Women in Ancient Egypt

Zahi Hawass

13 SEPT 22
19:00 H.
Palacio de la Prensa


Zahi Hawass (Damietta) is one of the most renowned archaeologists and Egyptologists in the world, and a recognized expert in the field. He has a PhD from the University of Pennsylvania thanks to a Fulbright scholarship, and is known for his charisma and communication skills.

He has served as Secretary General for the Supreme Council of Antiquities of Egypt and as Minister of Antiquities for the Egyptian government. Some of the major discoveries he has made during his career include the tombs of the pyramid builders at Giza and those of the Valley of the Golden Mummies in the Bahariya Oasis. He has directed and managed the Egyptian Mummy Project, which served to identify the mummy of Queen Hatshepsut, and has participated in the creation of 19 new museums in Egypt, including the Grand Egyptian Museum (GEM) and the National Museum of Egyptian Civilization (NEMC). In addition, he has also led a movement for Egyptian objects held in collections around the world to be returned to Egypt.

He is a prolific author of books, articles and publications, and has also participated in many documentaries and television programs around the world. The first book he ever published was dedicated precisely to women in Ancient Egypt. After several decades excavating on the Gizeh plateau and in Saqqara, his knowledge of women through archaeology is extensive.


21 SEPT 22
19:00 H.
Palacio de las Alhajas


The Egyptologist, Dr. Chris Naunton, is Director of the Egypt Exploration Society and Chairman of the Thames Valley Ancient Egypt Society (TVAES).

A great communicator, he is one of the most well-known faces in Egyptology, due to his role as the voice of National Geographic. He has presented and directed many documentaries and television programs on the figure of the pharaoh Tutankhamun, a subject on which he is an internationally recognized authority. 2022 is the centenary year of the discovery of Tutankhamun’s tomb, the greatest discovery in the history of archaeology. The treasures that Howard Carter unearthed a century ago have captivated generations of students and enthusiasts of Ancient Egypt. However, there is still much to be said and new technologies have made it possible to reopen research lines that no one had even considered until a few years ago.

He studied Egyptology at both Birmingham and Swansea University, teaching this specialization at UCLA, SOAS, Birkbeck College and Bloomsbury whilst regularly lecturing around the world. He has also published a number of articles on Ancient Egypt and contributed specialized chapters to many popular and academic publications.

Lost tombs of queens in Thebes

Nacho Ares

28 SEPT 22
19:00 H.
Palacio de las Alhajas


Nacho Ares (León, 1970) is a historian, Egyptologist, communicator, specialized radio broadcaster, and one of the curators of the exhibition Daughters of the Nile. Women and society in ancient Egypt. A History graduate from the University of Valladolid, he has a certificate in Egyptology from the KNH of the University of Manchester (2009-2012)

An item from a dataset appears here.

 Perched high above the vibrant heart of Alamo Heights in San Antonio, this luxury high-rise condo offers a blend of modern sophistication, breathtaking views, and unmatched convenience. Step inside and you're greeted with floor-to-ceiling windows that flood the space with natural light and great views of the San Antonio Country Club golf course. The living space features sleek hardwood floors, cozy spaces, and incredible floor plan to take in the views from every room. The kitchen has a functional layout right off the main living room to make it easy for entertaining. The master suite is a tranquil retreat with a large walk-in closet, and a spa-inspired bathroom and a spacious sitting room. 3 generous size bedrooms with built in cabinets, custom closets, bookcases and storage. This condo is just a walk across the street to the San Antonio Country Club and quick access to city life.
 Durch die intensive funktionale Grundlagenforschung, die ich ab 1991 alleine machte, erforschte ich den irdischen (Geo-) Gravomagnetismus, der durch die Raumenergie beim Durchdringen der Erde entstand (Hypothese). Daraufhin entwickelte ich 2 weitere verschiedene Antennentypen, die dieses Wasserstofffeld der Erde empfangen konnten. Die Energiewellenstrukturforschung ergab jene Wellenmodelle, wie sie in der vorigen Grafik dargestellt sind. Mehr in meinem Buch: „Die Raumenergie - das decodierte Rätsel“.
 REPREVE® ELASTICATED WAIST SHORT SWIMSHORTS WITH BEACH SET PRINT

He is the director and presenter of the program SER Historia on the SER radio network, and of the podcast Dentro de la pirámide, on Podium Podcast, where he focuses on researching and popularizing the historical enigmas surrounding Ancient Egypt.

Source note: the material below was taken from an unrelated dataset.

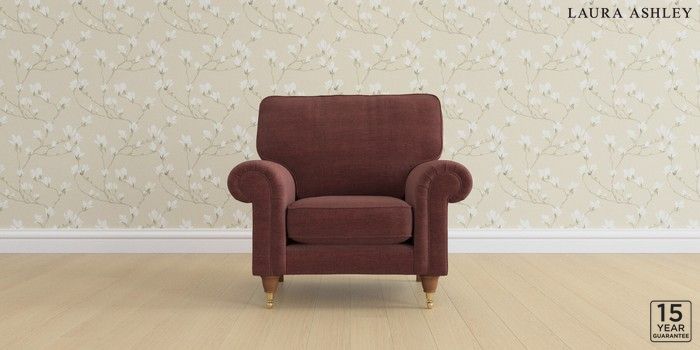 6.12.13 Buy Kingston by Laura Ashley Armchair Edwin Chenille Burgundy Red Low Brass Castor - Teak from the Laura Ashley online shop Click here to use our website with more accessibility support, for example screen readers
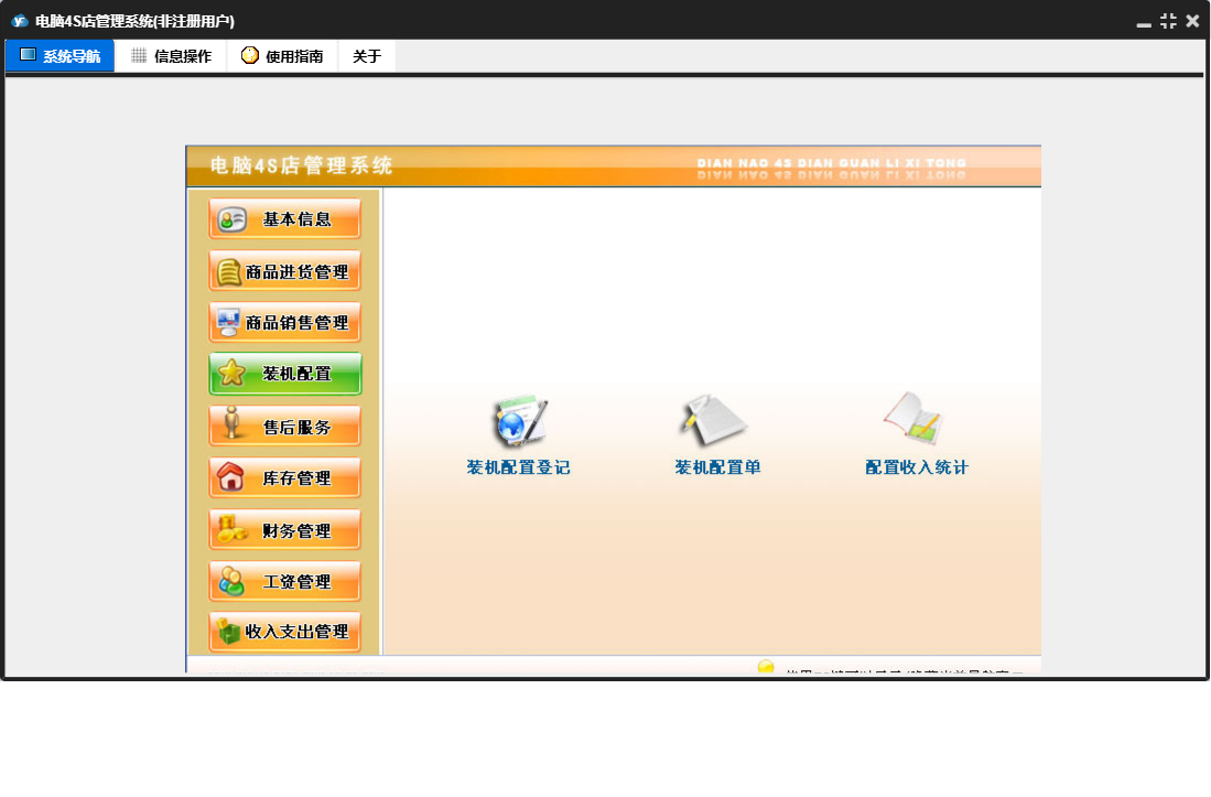 电脑4S店管理系统包含以下功能:供货商信息登记、仓库商品登记、收入支出管理、商品退货、售后服务、公司信息设置、财务管理、商品信息登记、工资管理、商品进货管理、仓库信息登记、库存管理、客户信息登记、关于、基本信息、商品进货、商品销售、员工信息登记、商品销售管理、装机配置等

He is the author of a number of books on Egyptian culture and has published articles in specialized archaeological magazines, such as Ancient Egypt Magazine, National Geographic Historia, La Aventura de la Historia, Misterios de la Arqueología, Boletín de la Asociación Española de Egiptología and Revista de Arqueología, a publication he directed for 10 years. He has participated in the series Otros Mundos (Movistar+) along with Javier Sierra, and in the television program, Cuarto Milenio, directed by Iker Jiménez.

The female factor in Ancient Egypt

Mayte Mascort

05 OCT 22
19:00 H./strong>
Palacio de las Alhajas


Maite Mascort is an archaeologist and one of the most prominent and respected figures in the field of Egyptology in Spain.

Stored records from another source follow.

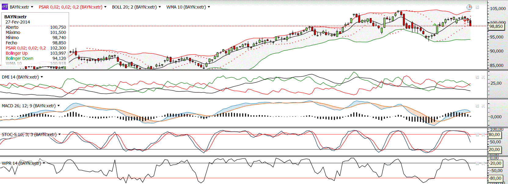 2 - Macd descendente e restantes indicadores oscilatórios parecem confirmar uma inversão de tendência de curto prazo de longo para curto, importando ainda referir que a cotação no fecho de hoje foi inferior à das últimas duas velas.
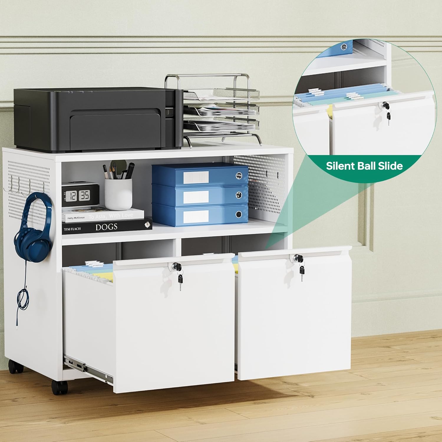 - ăMultifunctional Filing CabinetăLateral filing cabinet with open storage spaces, organization and storage drawers,holds printer stand and office craft storage,side hole panel design is beautiful and can hang items,modern delicate appearance ornamental to your office & home.
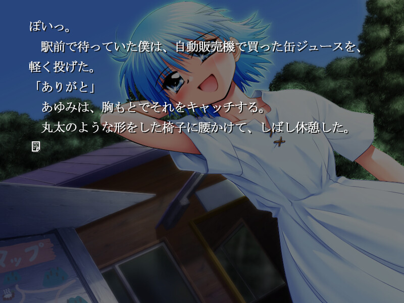 This is a visual novel with multiple scenarios, where the story changes depending upon your decisions. You will witness the love story of our hero Seiji Mizuno and his girlfriend Ayumi Takigawa. You will see their lives as circumstances evolve around them: The city and the country, as well as the past and the present. Please pay particular attention to the stage background brimming with emotion.
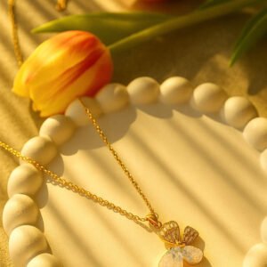 Stainless Steel Crystal Butterfly Necklace Earrings
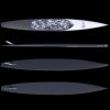 Adding to the great design, King’s race boards are constructed using our exclusive carbon fiber vacuum bagging techniques. Vacuum bagging is a technique employed to create mechanical pressure on a laminate during its cure cycle. Pressurizing a composite lamination serves several functions. First, it removes trapped air between layers. Second, vacuum bagging compacts the fiber layers for efficient force transmission among fiber bundles and prevents shifting of fiber orientation during cure. Third, it reduces humidity. Finally, and most important, the vacuum bagging technique optimizes the fiber-to-resin ratio in the composite part. These advantages have for years enabled aerospace and racing industries to maximize the physical properties of advanced composite materials such as Graphite (carbon fiber,) aramid, and epoxy.

Holder of a PhD in Archaeology from the University of Barcelona, she is co-director, together with Esther Pons, of the Oxyrhynchus Archaeological Mission (El-Bahnasa, Minia, Egypt) and has been vice-chairman and founding member of the Societat Catalana d’Egiptologia, since 1988.

She has worked as head of the Actions Section of the Archaeology and Paleontology Service of the Generalitat de Catalunya and scientific advisor to the Grand Egyptian Museum (GEM) and the National Museum of Egyptian Civilization (NEMC), as well as curator of various exhibitions in museums around the world. She has given lectures and courses at national and international conferences and has worked as an editorial collaborator and scientific advisor for National Geographic’s History magazine since its first issue, in addition to writing numerous articles and publications for scientific journals.

Hetepheres;lights and shadows of a royal tomb

Esther Pons

19 OCT 22
19:00 H.
Palacio de las Alhajas


Esther Pons (Barcelona) is an archaeologist and head curator of the Department of Egyptian Antiquities and the Near East at the National Archaeological Museum, as well as one of the curators of Daughters of the Nile. Women and society in ancient Egypt.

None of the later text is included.